Price is rarely the only differentiator for someone who cares about results when it comes to services. You can craft a persuasive pitch by drilling down into the qualifications of your team. In this scenario, the feature is what your team members can do. My colleague Rachel’s years of working in science education makes her an expert at digesting complex technical ideas and suggesting how to relate them in terms that are accessible to all readers. In ten minutes, Rachel can read a jargon-filled draft of an email, figure out what actually needs to be said and how to explain it, and move the bottom line up front.
The benefit of Rachel’s feedback is what the email’s author can now do: send a clear, compelling message. Which is terrific, except life isn’t an email Olympics and there are no medals for “clear and compelling.” So let’s map to value: the email’s recipient is engaged, and agrees to a meeting that results in a major sale. (Emails edited by Rachel get results.) The challenge of mapping F-B-V for services is to cite your team’s certifications and years of experience, yes, but do so quickly. Move on to what matters, which is the impact of what they help clients accomplish.
Okay, so about my taxes. September is the time of year when I’m thanking my lucky stars for Nick. Who’s Nick? He’s my accountant. Taxes are due in April. Shouldn’t you be thanking your lucky stars around, oh, March? No, because—as I do in most years—I asked for (and Nick filed for) an extension to October. April is always a tough time for me to handle major deadlines because it is also National Poetry Month, which means that it is a time full of travel for readings.
Nick isn’t a “magic” accountant. He doesn’t make our tax bill disappear. He charges a fair price; he’s not the cheapest deal in town. He’s also smart, quick to respond to emails, meticulous, knowledgeable about the latest tax law, and good-natured. He doesn’t begrudge my shoebox stuffed with 1099s from varying institutions and literary journals or the weird Schedule C expenses associated with a life built around creative writing and teaching.
Although many friends use TurboTax, I find the inflexibility of blank fields stressful.

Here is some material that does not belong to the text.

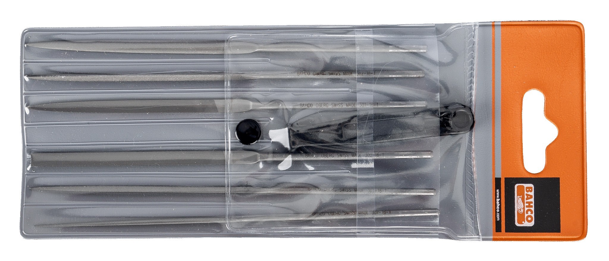 - Contiene una cada uno: plana, plana cónica, media caña, redonda, triangular y cuadrada
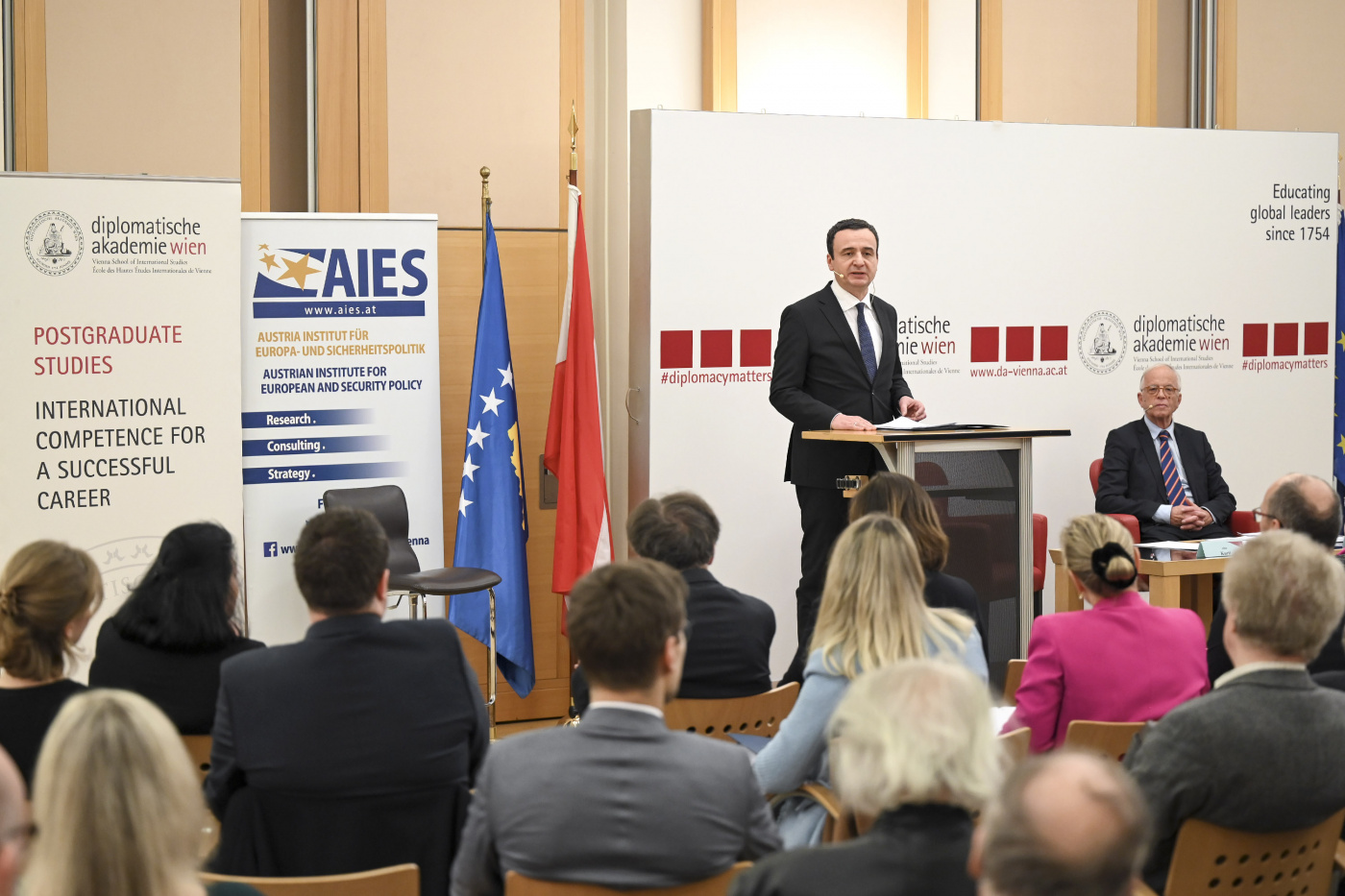 Fjalimi i kryeministrit Kurti në Akademinë Diplomatike të Vjenës

What I want is the feature of someone willing to read my plain-speak description of expenses and figure out what’s “home” and what’s “office.” While other accountants might also hold a master’s in taxation degree, they don’t have institutional knowledge of how our household of two artists cobbles together an annual income. That feature is unique to Nick.
When someone asks about finding an accountant and I recommend Nick, however, I don’t mention the features. I don’t even talk about the benefit of having someone who anticipates (and pre-emptively preps) paperwork to file for an extension, and who writes out instructions to make sure I know how to properly submit payments to both the federal and D.C. governments. Instead, I go straight to value: My husband and I don’t fight over interpreting what’s deductible and what’s not. I never worry about whether our taxes being prepared accurately and filed professionally. Nick is my hero.
Ask yourself: do you understand how to go straight to value and get someone’s attention on behalf of your company?
Think about the move you’d use to go to the mat, to borrow a wrestling term, and procure a win. Your product or service has superpowers, of course, so you don’t need wrestling moves. But on occasion, even the brightest capes get tattered by the competition. You’ll never regret being able to quickly relate how the thingamajig you make or “that thing you do,” your service, makes your clients’ lives better.